Several species on the Brighton site were observed or detected most frequently on switchgrass plots, indicating the potential for switchgrass bioenergy production to provide a greater benefit to these species compared to traditional bioenergy crops like corn. Species that occurred most frequently on switchgrass plots included grassland specialists (Dickcissel, Grasshopper Sparrow, and Sedge Wren) and the Common Yellowthroat, which is not a grassland specialist, but occurs in a variety of habitats, including grassland [44]. Henslow’s Sparrow occurrence in 2020 on mostly corn plots seems anomalous, because its preferred habitat is usually dominated by tall, dense grasses with scattered forbs [45]. About 85% of Henslow’s Sparrow detections were in Plot 512, and it is possible that detections were of birds on adjacent grassland and old field habitats to the west of Plot 512 (Figure 1), or that Henslow’s Sparrows used adjacent corn plants for singing perches. It is not clear why this species was not detected more frequently on switchgrass plots in 2020 or on any plots in subsequent years.

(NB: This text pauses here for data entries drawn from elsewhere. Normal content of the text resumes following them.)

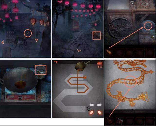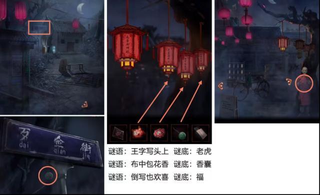 12、点击路牌,拿到福字玉饰,根据灯笼上的谜语,将对应的物件挂在灯笼上(纸人惊现小高能),点击拿到纸人手里的锣棒。
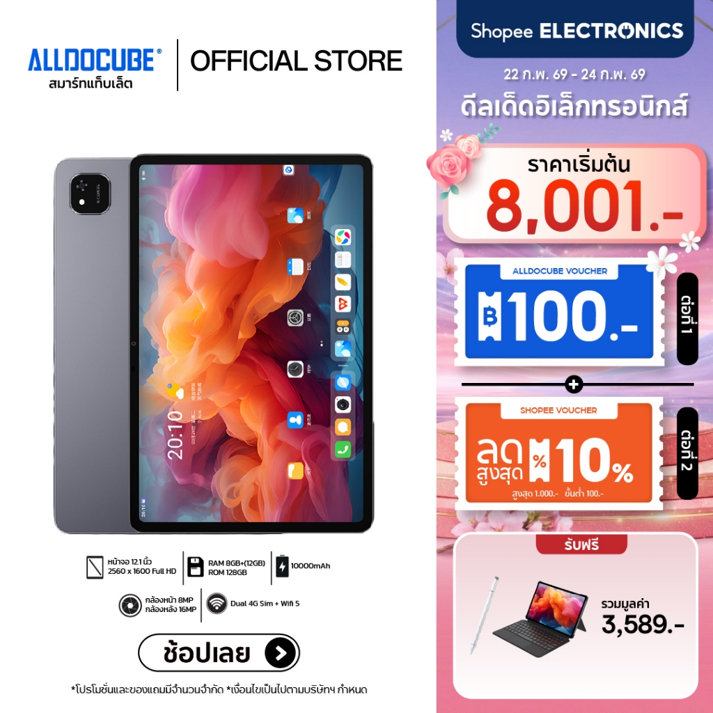 [SET แถมฟรี คีย์บอร์ด+ปากกา] ALLDOCUBE iPlay 60 Pad Pro แท็บเล็ต หน้าจอ 12.1 นิ้ว Refresh rate 90Hz แบตอึด ชาร์จไว
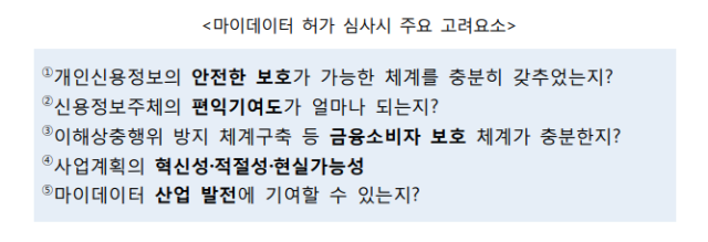 금융위원회는 마이데이터 사업자로 허가를 받기 위해서는 법령상 최소 자본금 5억 원 이상, 물적설비, 주요 출자자 요건, 사업계획의 타당성 등의 요건을 갖춰야 한다고 밝혔습니다. 금융위원회는 신청업체가 안전한 데이터 활용능력 보유 여부를 판단하여 허가를 결정하게 되며 세부요건은 아래와 같습니다.
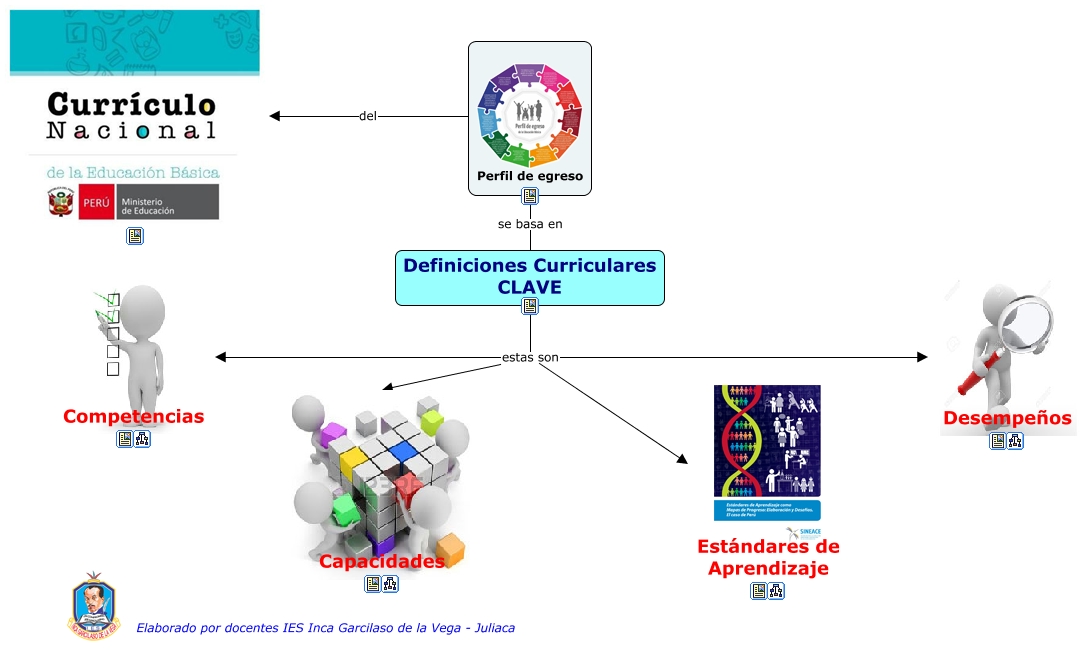 Este Cmap, tiene información relacionada con: Definiciones clave - perfil egreso, Definiciones Curriculares CLAVE estas son Capacidades, Definiciones Curriculares CLAVE estas son Desempeños, Perfil de egreso se basa en Definiciones Curriculares CLAVE, Definiciones Curriculares CLAVE estas son Competencias, Definiciones Curriculares CLAVE estas son Estándares de Aprendizaje, Perfil de egreso del
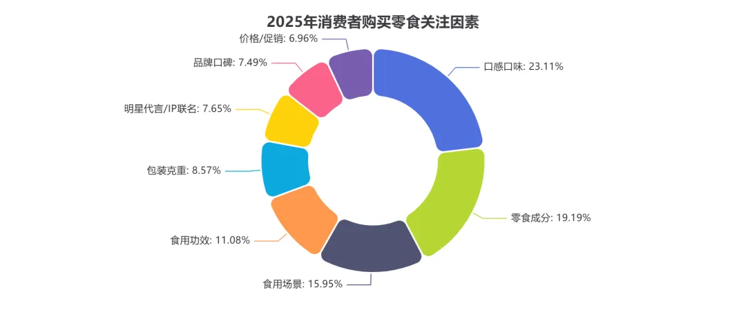 功能性需求增长消费者购买零食时关注"食用功效"的占比达33.9%[10]。功能性零食作为休闲零食的细分赛道已成为刚需市场,潜力很大[19]。
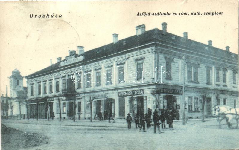 Leírás: Orosháza, Alföld-szálloda és Római Katolikus templom, Wigner Géza üzlete (EK)
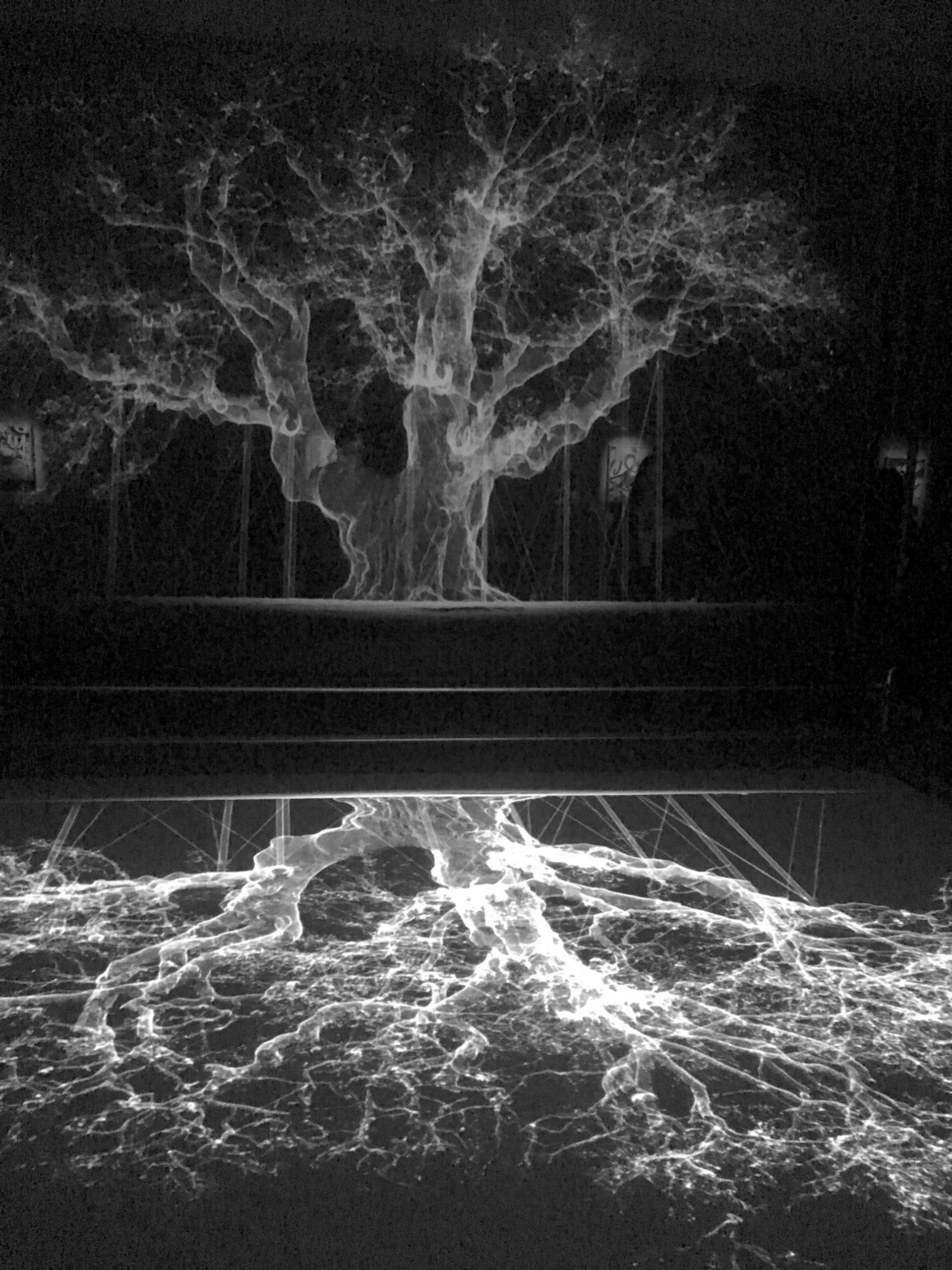 Arguably attracting just as much attention, was another new installation featuring a giant projected image of the Major Oak, a 1000-year-old oak tree in the centre of Nottingham’s Sherwood Forest that, according to local folklore, sheltered Robin Hood and his Merry Men. What is arguably the most famous tree in Britain has, since the Victorian times, been propped up by an elaborate series of crutches, chains and supports. In Collishaw’s semi-transparent, slowly rotating spectral incarnation it looks especially sickly, crippled and on its last legs.

The corn plots at Brighton in all three years had numerous patches of weeds that comprised up to 25% of the cover on these plots. The Brighton site was chosen for an evaluation of perennial bioenergy crops because of its lower yield potential for traditional row crops. Prior to the study, average yields of corn were 7.7 Mg ha−1 [46]. High weed pressure and marginal soils resulted in lower corn yields during the study period, with at least one stand failure. The presence of other plant species within the corn plots and poorer crop stand resulted in different habitat conditions than a typical monocrop stand and actually may have improved habitat conditions for birds in these plots.

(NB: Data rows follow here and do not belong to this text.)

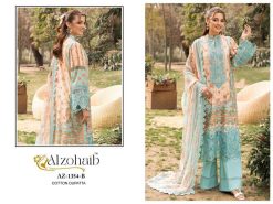 Alzohaib Rifa Vol 1 Indian Suit Catalog 4 pcs of Chiffon Cotton Lawn quality Shop Ethnic salwar Kameez Buy online Alzohaib Brand Chudidar Dress Materials from Surat’s biggest Wholesaler
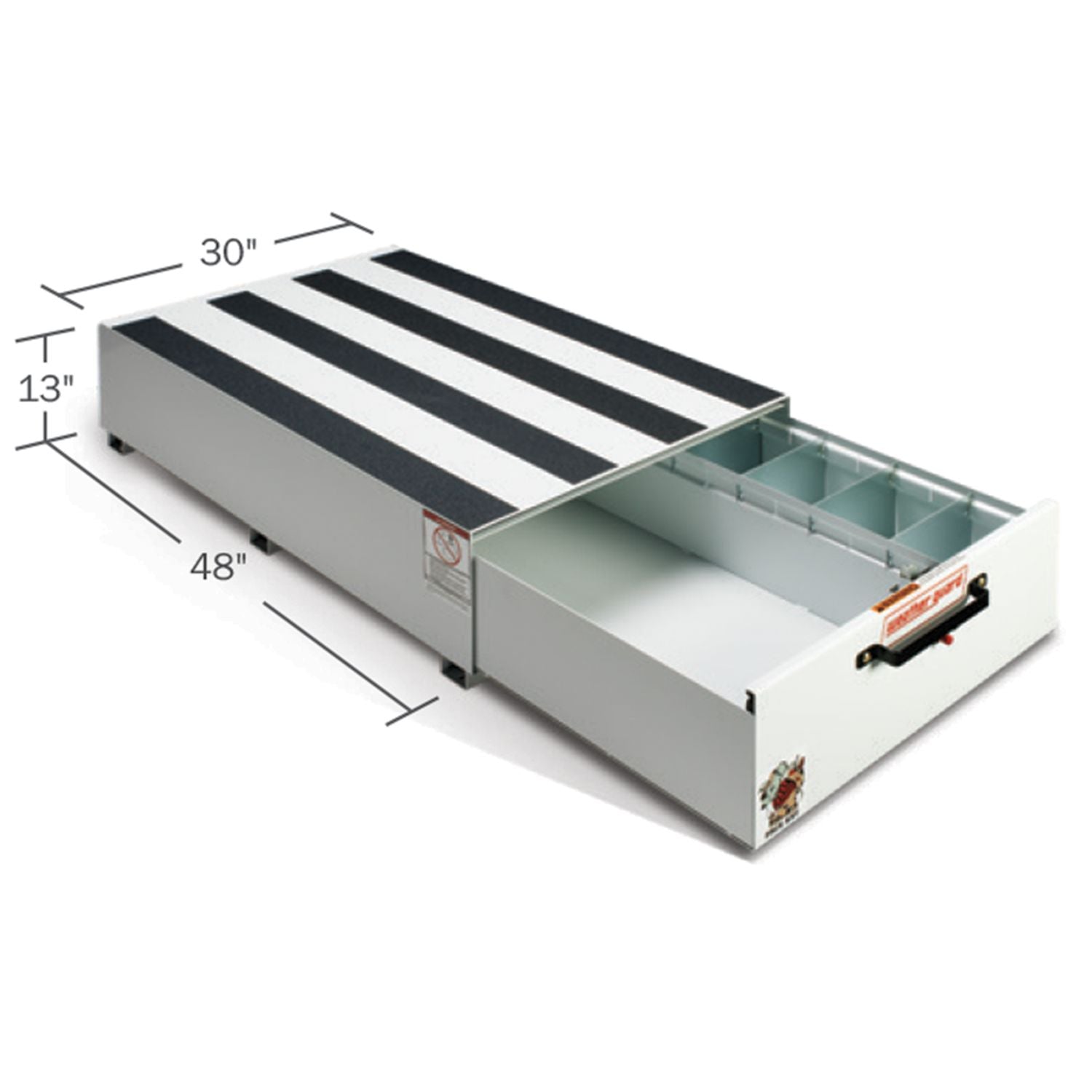 - Anti-skid strips provide traction for work boots on top of slide out truck bed tool box and cargo van tool box
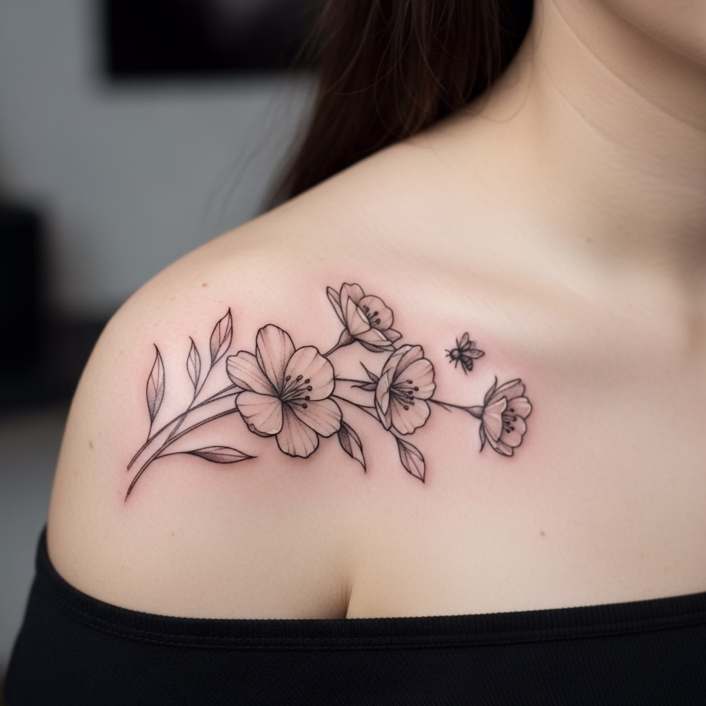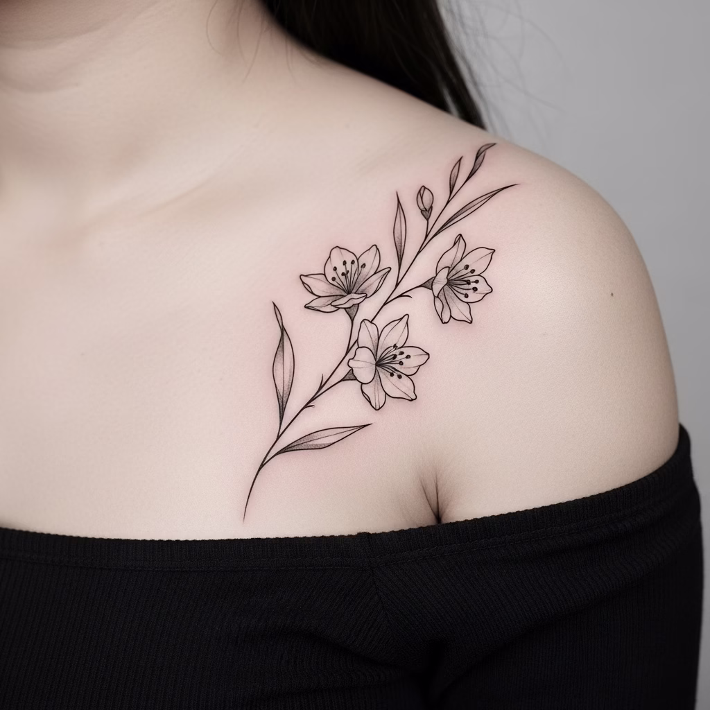 - Minimalistische Tattoos: Weniger ist mehr – kleine Konturen oder einzelne Blüten wirken besonders edel.
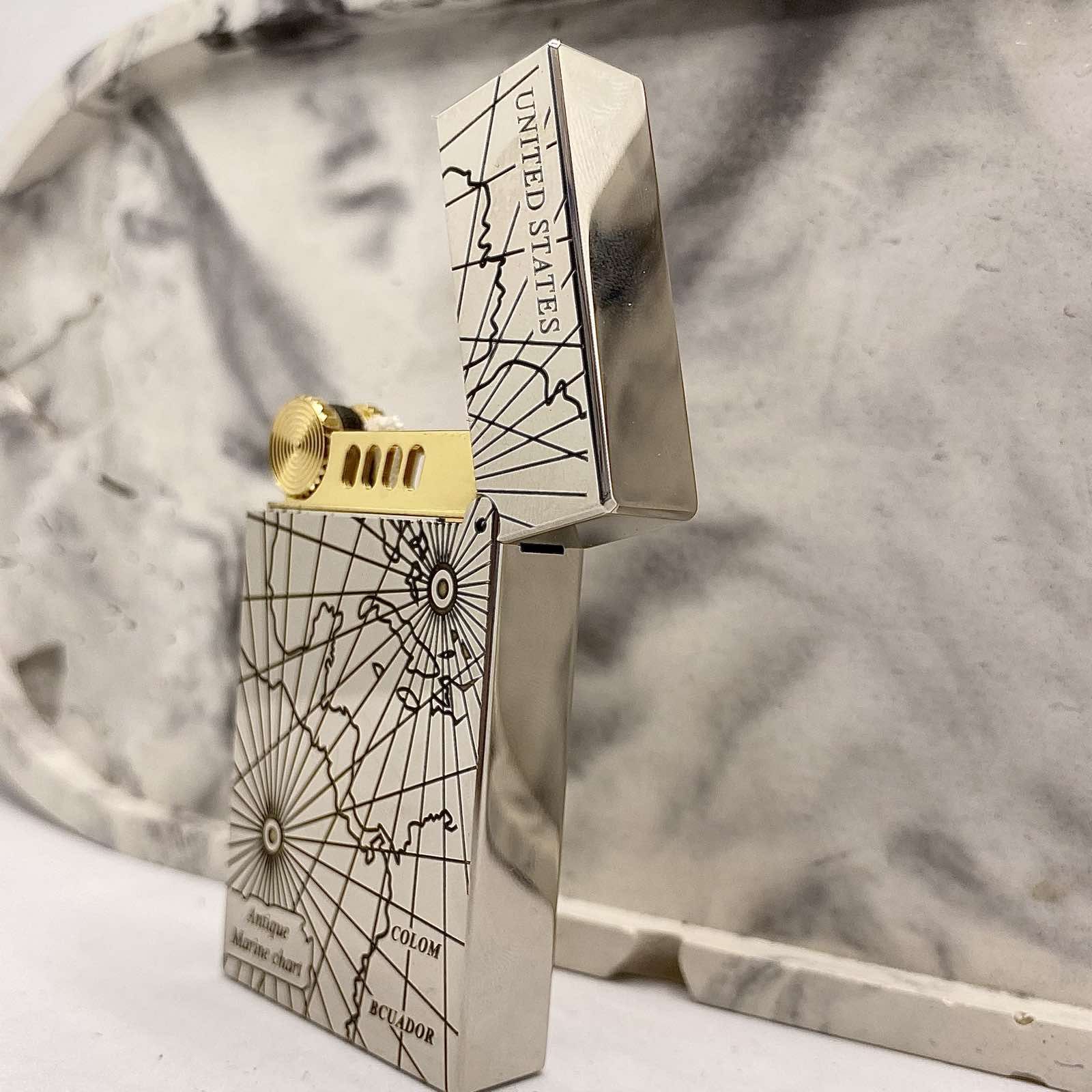 Навігаційний Стиль: Лицьова сторона запальнички прикрашена складним, глибоким гравіюванням у формі Троянди Вітрів (компасного диска) з детальною вимірювальною шкалою.

Switchgrass density and height at the Brighton site changed considerably over the course of the study after the plots were planted in 2019. There was a noticeable increase in the density and height of switchgrass in 2021 and some additional increase in 2022 as the perennial switchgrass became established. With this increase in switchgrass density, there was a reduction in the number of patches of foxtail (Setaria sp.), timothy (Phleum pratense), and other weedy species that provided small openings in switchgrass cover in 2020. By September 2021 and in all of 2022, switchgrass was so dense that it became very difficult to walk through. Because corn is annual, conditions on corn plots changed little from year to year.

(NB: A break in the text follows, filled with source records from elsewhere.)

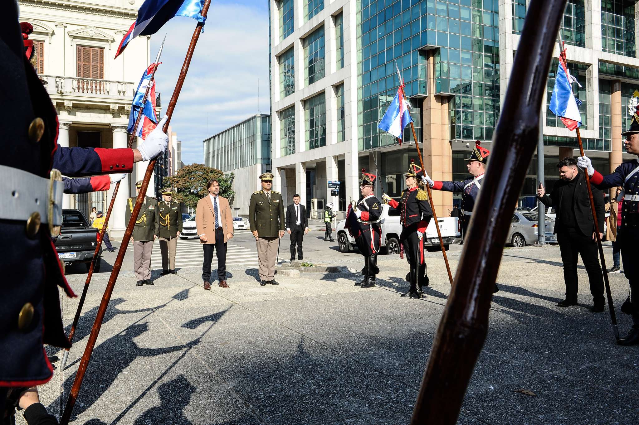 En horas de la mañana, Lacalle Pou estuvo presente en la plaza Independencia, donde se erige el monumento a José Gervasio Artigas, al pie del cual depositó una ofrenda floral, en homenaje al prócer oriental, nacido el 19 de junio de 1764, fecha de la que se conmemoraron este miércoles 260 años.
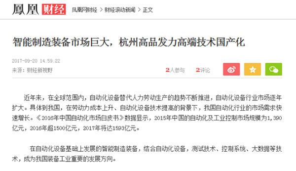 近日,鳳凰、新浪、網(wǎng)易、慧聰?shù)纫槐娭髁髅襟w,紛紛報(bào)道高品子公司——蘇州高騰正式開業(yè)。憑借著行業(yè)領(lǐng)先的綜合實(shí)力和近年來的快速發(fā)展,作為本土致力于高端非標(biāo)自動(dòng)化設(shè)備國(guó)產(chǎn)化的企業(yè),高品吸引了國(guó)內(nèi)媒體的關(guān)注。
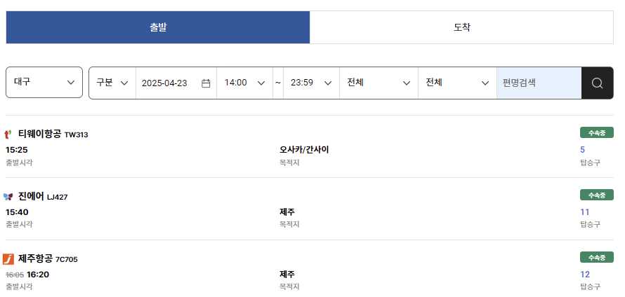 대구국제 공항에서 출발 도착하는 실시간 항공편 운항 정보는 아래 사이트에서 확인이 가능합니다. 날짜와 목적지, 항공사, 편명을 입력하면 쉽게 찾을 수 있으니 활용해 보시길 바랍니다.
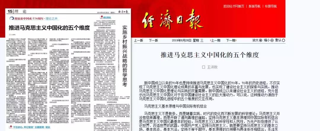 8月28日,《经济日报》理论专版刊发幻影手机官方网站_幻影(中国)马克思主义学院院长王洪秋教授的理论文章——《推进马克思主义中国化的五个维度》。现将全文转发,以便学习交流。

Changes in the density of switchgrass over the study period may have contributed to the changes in the use of switchgrass plots over time by some species (e.g., Common Yellowthroat, Dickcissel, Sedge Wren, and Grasshopper Sparrow). Detections for both Common Yellowthroat and Dickcissel increased on switchgrass plots over the course of the study period, starting in 2021 for Common Yellowthroat and 2022 for Dickcissel. In contrast, Sedge Wren detections decreased over the period. These differences may be due to changes in local population size or habitat conditions. Sedge Wrens prefer dense, tall sedges and grasses in wet meadows, hayfields, and retired croplands [47], and the decrease in 2022 is not easily explained. Grasshopper Sparrows were detected almost entirely in early June 2020 (9–28 June), indicating that this species was probably migrating through the area. Grasshopper Sparrows generally prefer moderately open grasslands and prairies with patchy bare ground [48], and the dense mature switchgrass in 2021 and 2022 may not have provided suitable habitats.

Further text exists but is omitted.